Otros problemas ocurrían en el ámbito religioso: “No todas las partidas de los que han muerto en estos meses están asentadas, porque como muchos han muerto del cólera morbus, inmediatamente que expiraban los conducían al cementerio sin dar parte”.[77] Algún cura se aprovechó de las circunstancias, como el párroco de La Vega, quien exhumaba cadáveres “sin tener estos los dos años prefijados para ello”, por lo que “se vio que entre los dichos cadáveres había uno que vertía sangre lo mismo que si hubiese acabado de expirar”. Cobraba los entierros de coléricos “sin hacer los oficios ni dar sepultura eclesiástica”, y quitaba a los deudos “lo mejor que les conocía, como ranchos, burros y derechos de tierra”.[78]

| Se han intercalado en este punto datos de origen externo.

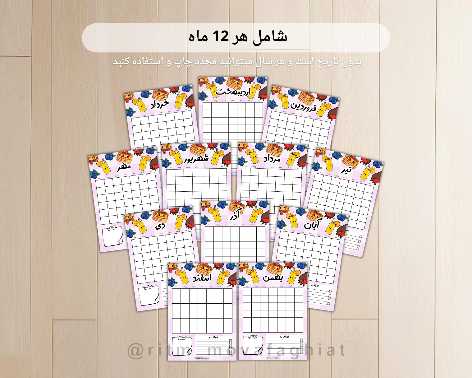 شامل همه ماه ها، تقویم قابل چاپ ، برای برنامه ریزی و هدف گذاری ماهانه،صفحات وظایف ماهانه

En un año, entre el 26 de agosto de 1855 y el 27 de septiembre de 1856, el cólera cobró la vida de 1.948 caraqueños, según Rodríguez (1929, p. 66); 2.250 asegura Núñez (1963, p. 222). La fosa común desnudó con crudeza la realidad de los enterramientos y la carencia de cementerios. La crisis impulsó, asimismo, la empresa privada sobre la muerte. Los nuevos cementerios y la zanja de los coléricos se abrieron en una misma zona, la Sabana del Blanco, al norte de Caracas. Esto, que eventualmente ha generado confusión sobre sus ubicaciones, se debe a que la toponimia designaba en ese momento un lugar deshabitado. Pocas décadas después el lugar fue ocupado y allí se levantaron viviendas. No obstante, sobre el de San Simón se construyó el Hospital Vargas, el primer hospital moderno de la ciudad, todavía en funciones. Como pensaba Talavera: que los muertos mantengan a los vivos.

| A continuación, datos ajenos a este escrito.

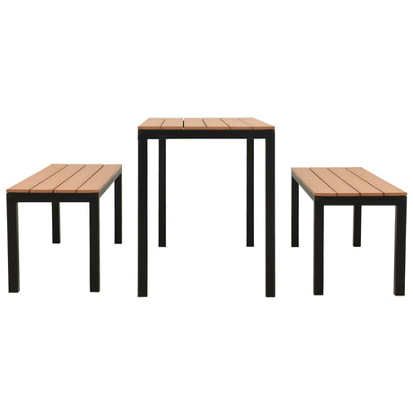 3 Piece Garden Dining Set Steel and WPC Brown and Black

Los cementerios inaugurados entonces fueron clausurados en 1875 (Figura 2), cuando el gobierno, por fin, acomete una de las obras más importantes en la historia de la ciudad: el Cementerio General del Sur, merecedor de otros estudios.[79] El de los Hijos de Dios lució un nombre que pretendía discriminar a los no católicos, y por ello Talavera dedicó su discurso el día de la bendición a los paganos y disidentes. Sin embargo, la arrogancia de los católicos no era compartida por todos. El nombre de ese cementerio fue debatido, y hubo quienes se negaron a llamarlo así para nombrarle de la Concepción. En algunos planos de la ciudad aparece indistintamente con ambos nombres. No obstante, en 1867 el cura de Santa Rosalía asentaba su opinión al respecto, propia de un futuro que aún no llegaba:

 

Ordenan allá en la Junta del Cementerio que enmiende yo el título de Concepción, cambiándolo por el de Los Hijos de Dios. Esta es una equivocación, porque en mi partida no he tenido que hacer uso del título del cementerio; mas si lo hubiera puesto, no lo borraría, porque no debe llamarse de Los Hijos de Dios, porque los protestantes, los hebreos, los mahometanos y los ateos son hijos de Dios en cuanto que son criaturas suyas, y sin embargo no pueden ser sepultados en cementerio católico. La elección de ese nombre Hijos de Dios es equivocada: la sustitución hecha por Concepción es discreta, natural, y por consecuencia fuera de toda extravagancia.[80]

 

Figura 2: Cementerios que funcionaron antes de 1875 en Caracas

 

 

Descripción: 1, Catedral; 2, Altagracia; 3, Candelaria; 4, San Pablo; 5, Santa Rosalía; 6, sitio del Empedrado; 7, Anauco; 8, del Oeste; 9, Santísima Trinidad; 10, Canónigos; 11, zanjón de los coléricos (ubicado con un círculo en negro); 12, Hospital Vargas, en el sitio del Cementerio de San Simón; 13, Los Hijos de Dios; 14, Británico; 15, de Alemanes. Encerrado en espiral, al norte, el sitio de Sabana del Blanco, todavía para la fecha de este plano (1906) un descampado sin ocupar. Señalamos el Ávila, que flanquea la ciudad al norte, a cuya falda ordenaron se abriesen las zanjas para los coléricos.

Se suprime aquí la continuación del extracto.